Definition Number 2 was Roth:

Roth repudiated the Hicklin test and defined obscenity more strictly, as material whose “dominant theme taken as a whole appeals to the prurient interest” to the “average person, applying contemporary community standards.” Only material now meeting this test could be banned as “obscene.”

So, it was Rosen that validated Comstock and enshrined the Hicklin test which was based on English Law, but it was Roth that later changed it. We’ve gone from obscenity being anything that could deprave an already weak person to using average people and the standards in their communities as being the best judge.

Enter Miller. (Don’t get me started on Memoirs v Massachusetts.) Fanny Hill.
Miller v California 1973 is a very interesting case. SCOTUS affirmed the lower court, and so held that Miller was guilty of mailing obscenity, but went on to refine the definition of obscenity, thus changing things from then on. The definition morphed once again, this time from “Community Standards” (Roth) to the Miller Test.

The Miller test was a three-pronged standard which built on Roth but included the additional criteria, all three of which needed to be met:

1) Whether “the average person, applying contemporary community standards”, would find that the work, taken as a whole, appeals to the prurient interest,
2) Whether the work depicts or describes, in a patently offensive way, sexual conduct specifically defined by applicable state law,
3) Whether the work, taken as a whole, lacks serious literary, artistic, political, or scientific value.
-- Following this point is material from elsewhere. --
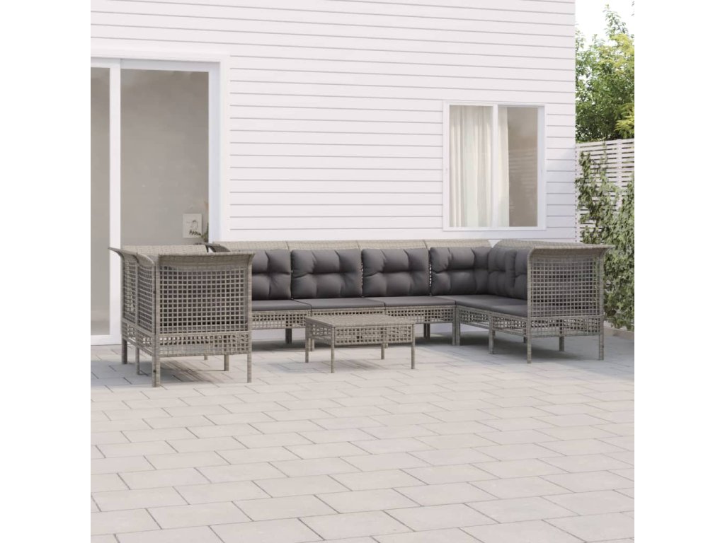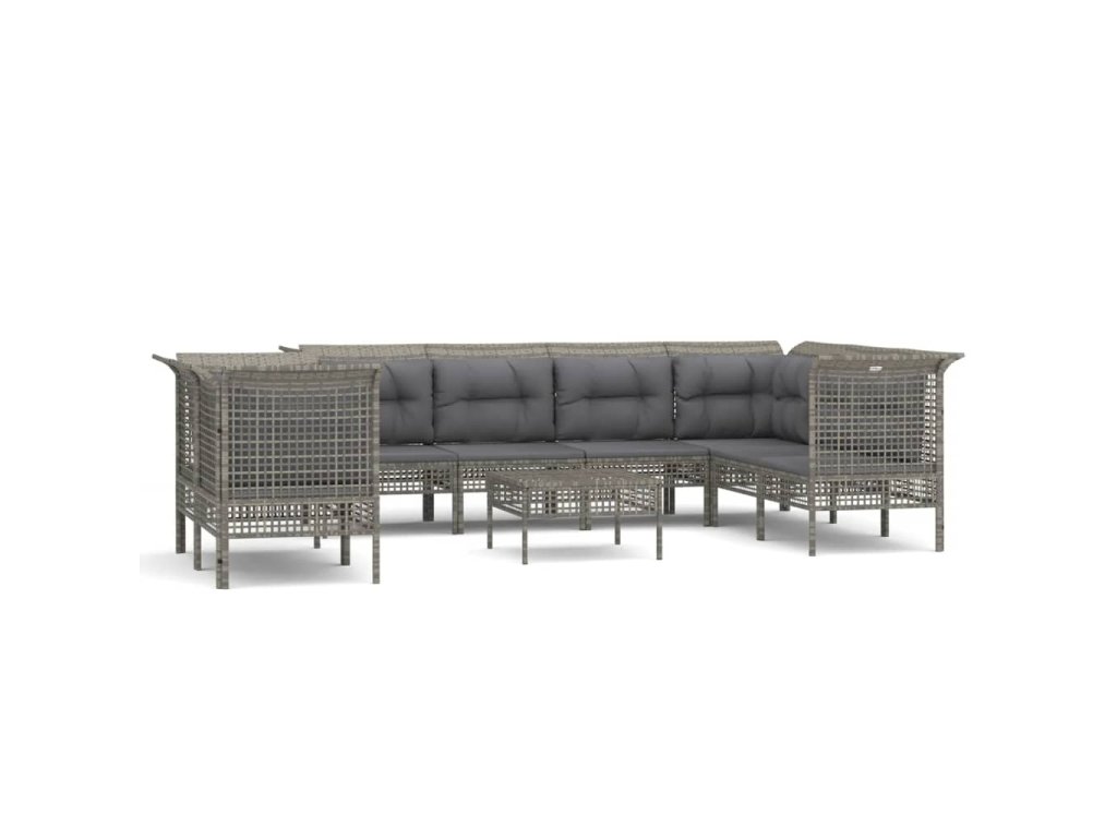 9dílná zahradní sedací souprava s poduškami šedá polyratan 3187546

By applying greater definition to the “Community Standards”… er, standard, it actually opened the door- some might say floodgates- to a far greater number of prosecutions for obscenity in the years subsequent than had been brought in years previous.
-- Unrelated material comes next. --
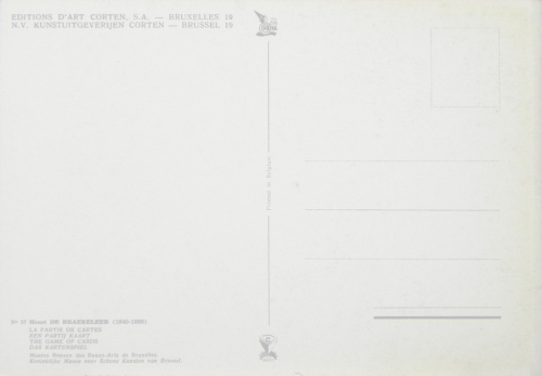 Van meerdere kunstenaars worden voortdurend – in dit geval van Henri de Braekeleer jaren na zijn dood – kunstwerken verspreid via nadrukken of zoals in dit geval middels ansichtkaarten. Deze werden uitgegeven door N.V. Kunstuitgeverijen Corten, Brussel en Boekhandel “De Heuvel”, Korten-Lo (zie ook de foto’s). Een terecht initiatief want dit schilderij is van grote klasse. Het origineel bevindt zich in de Koninklijke Musea voor Schone Kunsten van Brussel, Brussel.

Miller in 1973 brings us up to the Sexual Revolution. Some might say that it drops us smack-dab right in the middle of it. The most popular pornographic film of all time Deep Throat came out in 1972. The Miller Test was used in the obscenity trial of Deep Throat.
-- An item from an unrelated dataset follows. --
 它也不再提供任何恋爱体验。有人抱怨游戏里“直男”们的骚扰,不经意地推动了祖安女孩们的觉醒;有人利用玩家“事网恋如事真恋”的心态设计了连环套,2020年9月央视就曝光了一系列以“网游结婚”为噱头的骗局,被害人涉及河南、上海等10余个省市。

Fast forward (about a decade) to New York v Ferber.

Approximately two hundred years after the country’s founding the highest court in the land is specifically addressing child pornography head-on. Finally! (Though not for the final time.) In 1982 SCOTUS says in Ferber that child pornography does not have to be obscene in order to be speech unprotected by the first amendment. States may criminalize the manufacture, sale, distribution, and possession of child pornography even if it is not obscene by the Miller test. Even if a bunch of average people agree- however reluctantly- that a particular work of child pornography has merit, a state may still ban it. The court offered the follwing four reasons why states might want to do so (plus a kicker):

1.The government has a very compelling interest in preventing the sexual exploitation of children.
2.Distribution of visual depictions of children engaged in sexual activity is intrinsically related to the sexual abuse of children. The images serve as a permanent reminder of the abuse, and it is necessary for government to regulate the channels of distributing such images if it is to be able to eliminate the production of child pornography.
3.Advertising and selling child pornography provides an economic motive for producing child pornography.
4.Visual depictions of children engaged in sexual activity have negligible artistic value.
5.Thus, holding that child pornography is outside the protection of the First Amendment is consistent with the Court’s prior decisions limiting the banning of materials deemed “obscene” as the Court had previously defined it. For this reason, child pornography need not be legally obscene before being outlawed.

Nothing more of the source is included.